Last week was great. I received three emails from students who are enjoying their summer. They weren't relaxing by the pool or hanging out with friends. Instead, they were working long hours at their internships in the entertainment industry in Hollywood, California.
For the last two years, I've spent my spring break in Los Angeles, California helping small groups of students do the impossible - catch the attention of recruiters who are responsible for hiring college students in highly competitive internships. My efforts have been successful. I can now boast students have a 50-50 chance of receiving an internship. Sounds like a gamble, but really, it's quite impressive considering the complexities of internships in Hollywood.
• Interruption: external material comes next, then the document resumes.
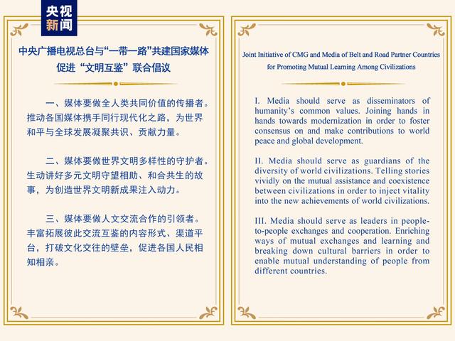 儀式上,發(fā)布了《中央廣播電視總臺(tái)與“一帶一路”共建國(guó)家媒體促進(jìn)“文明互鑒”聯(lián)合倡議》,呼吁媒體要做全人類共同價(jià)值的傳播者、世界文明多樣性的守護(hù)者、人文交流合作的引領(lǐng)者。
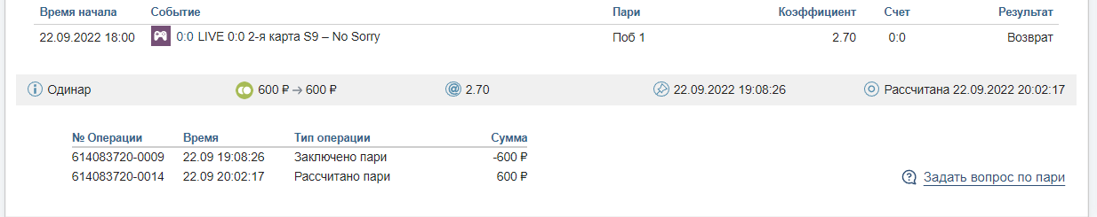 Ставка 614083720-0014 Ставил на вторую карту, произошло техническое поражение и по официальным источникам результат игры 2-0. Букмекер сделал возврат, хотя должен был рассчитать как выигрыш, прошу разобраться и наказать мошенников из фонбета

Some of the more popular companies with internships, such as MTV and Universal Studios, have thousands of applicants and are often unpaid. Still others with great opportunities pay students, such as the Warner Bros. STARS Leadership Development Program and Academy of Television Arts and Sciences Foundation, but are very competitive, have extension application processes and only except elite students. So, if it's so competitive, the question is how did my students get there?
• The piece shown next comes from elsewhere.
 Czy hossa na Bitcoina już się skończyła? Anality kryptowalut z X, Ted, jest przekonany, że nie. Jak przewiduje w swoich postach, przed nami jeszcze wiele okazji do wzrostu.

I think there are five very important things to consider. First, there's a lot of groundwork done to prepare for the trip. It usually takes me about four months to get everything together from travel logistics to booking companies. There are a lot of cold calls, email pitches and just good old fashion hustling to make things happen. Second, I must find those special people who understand what I want to do and are willing to open their doors to a few dedicated students with dreams of "making it" in Hollywood. Below is a video from Doug Ellin, Creator and Executive Producer of HBO's Entourage, discussing what it means to "make it."
Despite what some might think, I've found a few of them, a ratio of about 10 solicitations to every one positive response. Representatives from Disney, Warner Bros. and Cashmere Agency are just a few who welcomed us in the past. Third, tapping into alumni is key. I've met some very enthusiastic Howard alumni in entertainment and public relations companies who want nothing more than to see other Howardites making their way in Hollywood, including Nikita Adams, Christopher Cathcart, Deirdre Dix and Tiffany Smith-Anoa'i. Four, you must take students who have "it." You know "it" is hard to define, but you know "it" when you see it. If I had to define it, I'd say "it" means those who are dedicated, passionate, responsible and have a stellar resume that rivals any of their competition. Those are the ones who find success, but it's not the only thing they need. Finally, you have to take students who have supportive parents willing to make the investment to send them to Los Angeles for their internships.
Having diverse students in Hollywood internships is important, and I'm planning another blog to really explain why. For now, it's important to say that we can only change things from the inside. We need access, and it doesn't come easy. Someone must open the door, and we must be ready, willing and able to go through it. My students are doing it and finding much success networking and finding others who are, too.
They are also following my other advice, which is "work hard and play hard." They found time to hang out at the beach, and I'm happy they did. For now, I'll wait for the next email asking for advice, telling a new tale of the famous person they met or just one saying thank you. I'll be happy to get any one.